**Assignment**
Could the listing below be returned exactly, with its pictures left out?

··· Input data

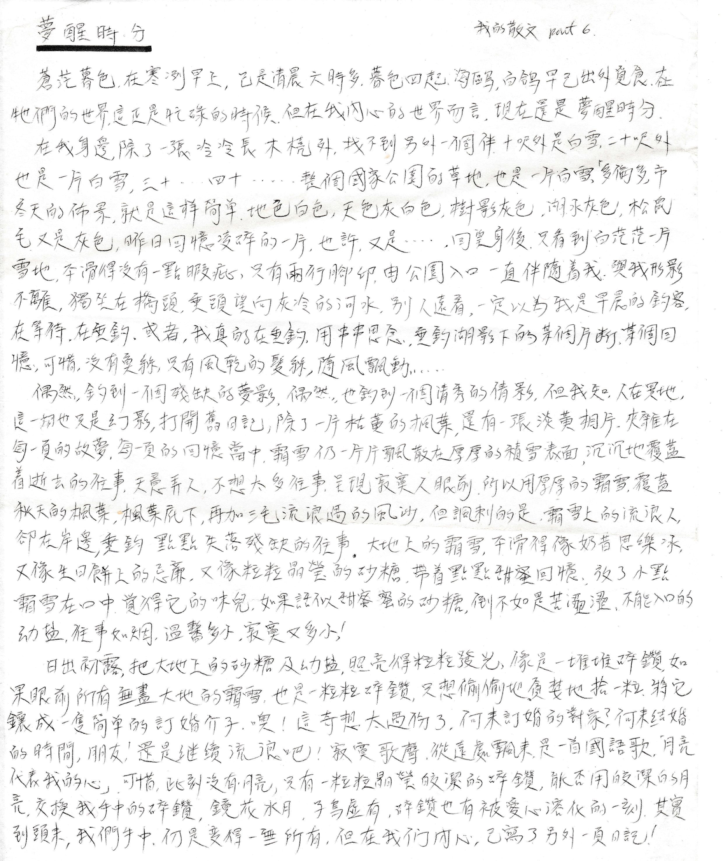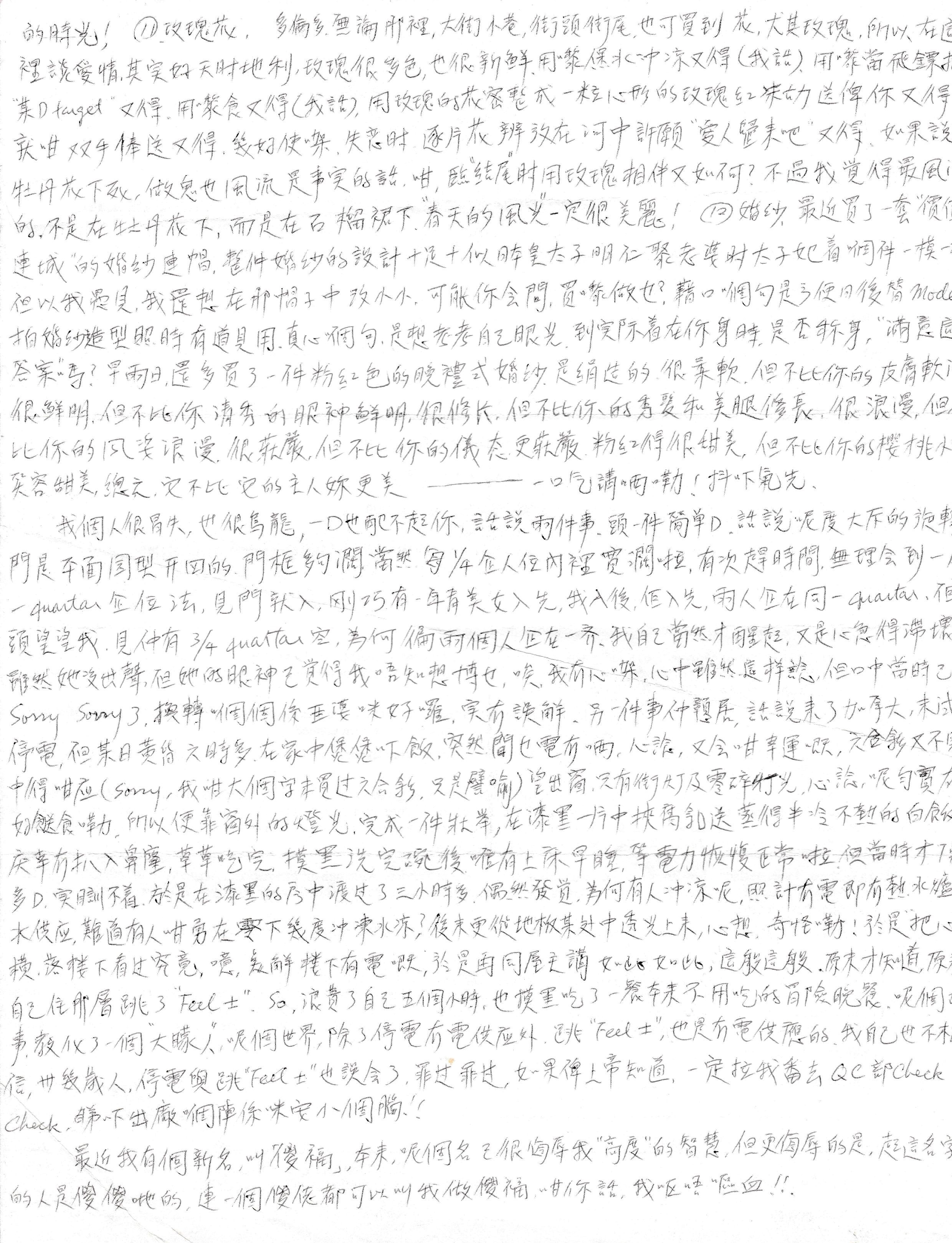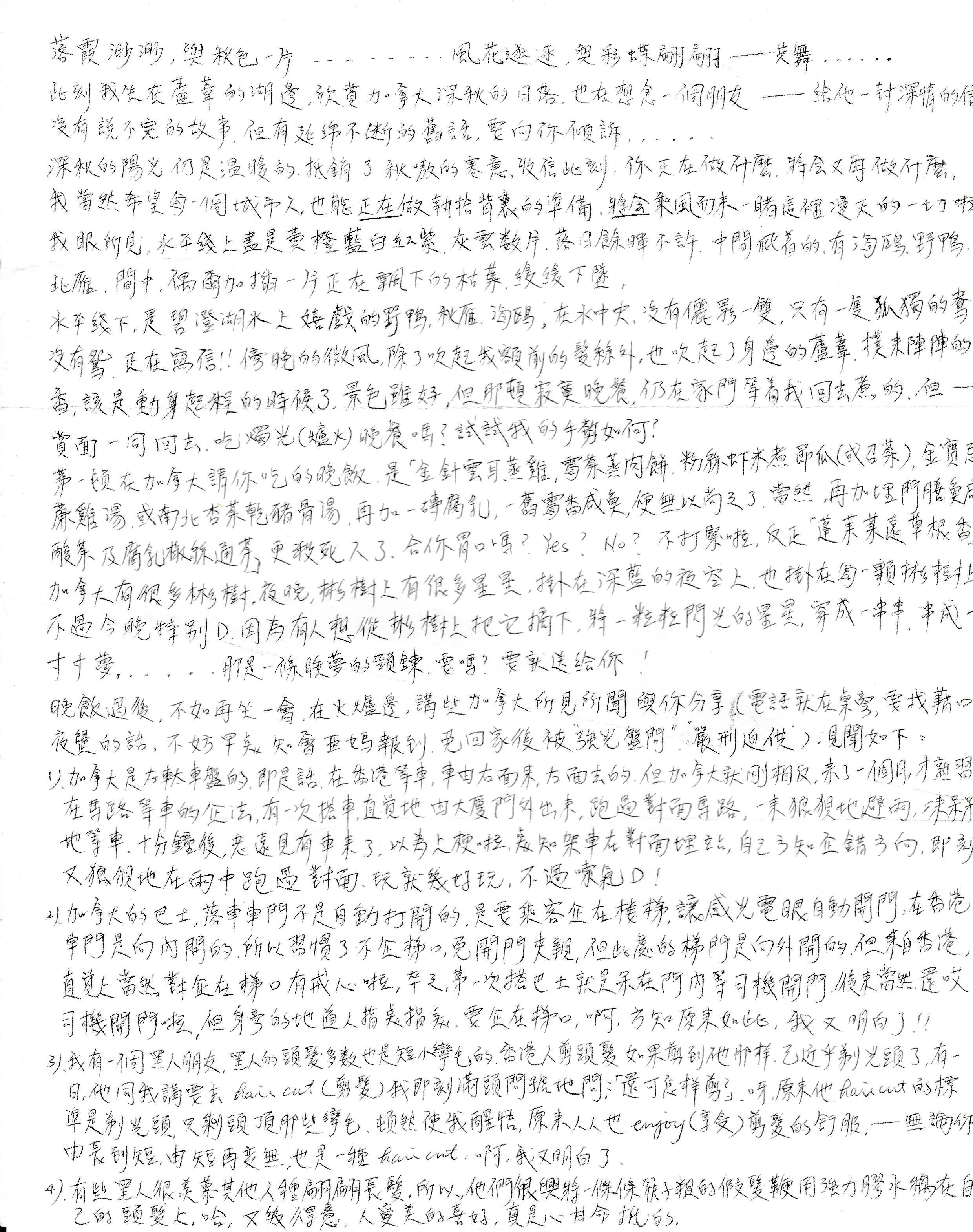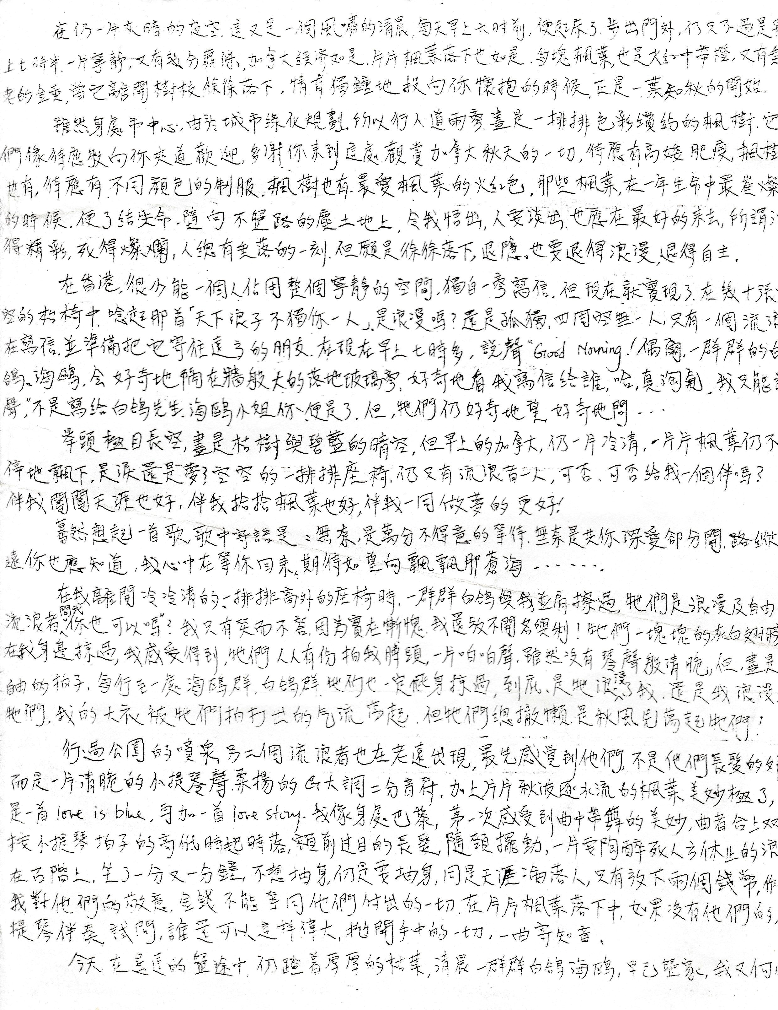 在香港很少能一個人佔用整個寧靜的空間,獨自一旁寫信,但現在就實現了,在幾十張空空的枱椅,唸起那首「天下浪子不獨你一人」是浪漫嗎﹖還是孤獨。四周空無一人,只有一個流浪者在寫信,並準備把它寄往遠方的朋友,在現在早上七時多,說聲"GOOD MORNING"﹗ 偶爾一群群的白鴿海鷗,會好奇地隔在牆般大的落地玻璃旁,好奇地看我寫信給誰﹗哈...真淘氣,我只能說聲,不是寫給白鴿先生,海鷗小姐你,便是了。但...牠們仍好奇地望,好奇地問...
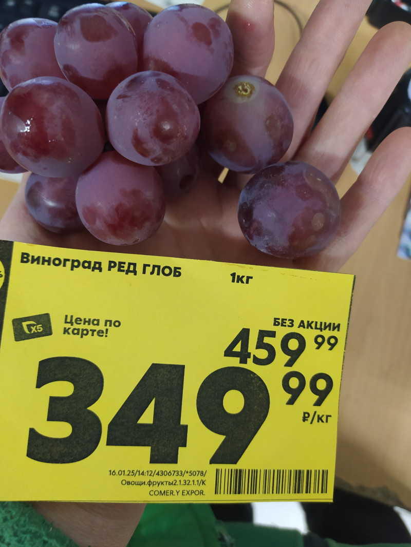 Сейчас была в пятёрочке, такого винограда не видела, обычный кигмиш зелёный по 400+, зато купила отличные яблоки, семеренко, свежие вкусные
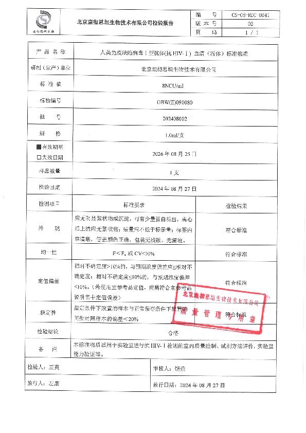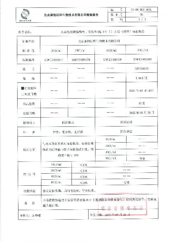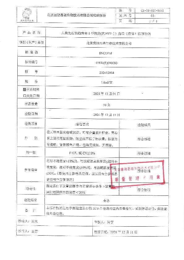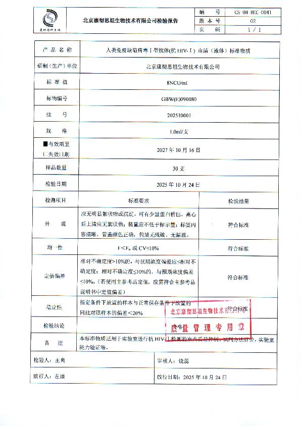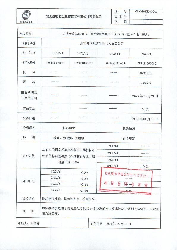 人类免疫缺陷病毒I型抗体血清(液体)标准物质
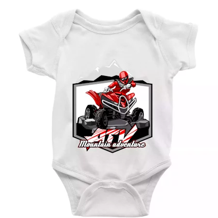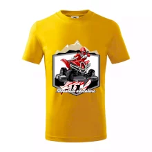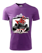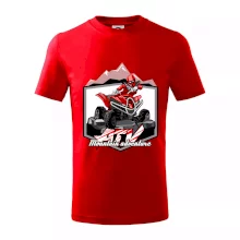 Tričko pre motoristu, na ktorom je červená štvorkolka ATV a v pozadí hory. Motoristické tričko, kde je off road štvorkolka musí mať doma každý motorista. Tričko so štvorkolkou je vhodný darček pre motoristu, ktorý má rád adrenalín. Štvorkolka na tričku je ako živá, proste parádne auto.

······

**Answer for this exercise**
 在香港很少能一個人佔用整個寧靜的空間,獨自一旁寫信,但現在就實現了,在幾十張空空的枱椅,唸起那首「天下浪子不獨你一人」是浪漫嗎﹖還是孤獨。四周空無一人,只有一個流浪者在寫信,並準備把它寄往遠方的朋友,在現在早上七時多,說聲"GOOD MORNING"﹗ 偶爾一群群的白鴿海鷗,會好奇地隔在牆般大的落地玻璃旁,好奇地看我寫信給誰﹗哈...真淘氣,我只能說聲,不是寫給白鴿先生,海鷗小姐你,便是了。但...牠們仍好奇地望,好奇地問...
 Сейчас была в пятёрочке, такого винограда не видела, обычный кигмиш зелёный по 400+, зато купила отличные яблоки, семеренко, свежие вкусные
 人类免疫缺陷病毒I型抗体血清(液体)标准物质
 Tričko pre motoristu, na ktorom je červená štvorkolka ATV a v pozadí hory. Motoristické tričko, kde je off road štvorkolka musí mať doma každý motorista. Tričko so štvorkolkou je vhodný darček pre motoristu, ktorý má rád adrenalín. Štvorkolka na tričku je ako živá, proste parádne auto.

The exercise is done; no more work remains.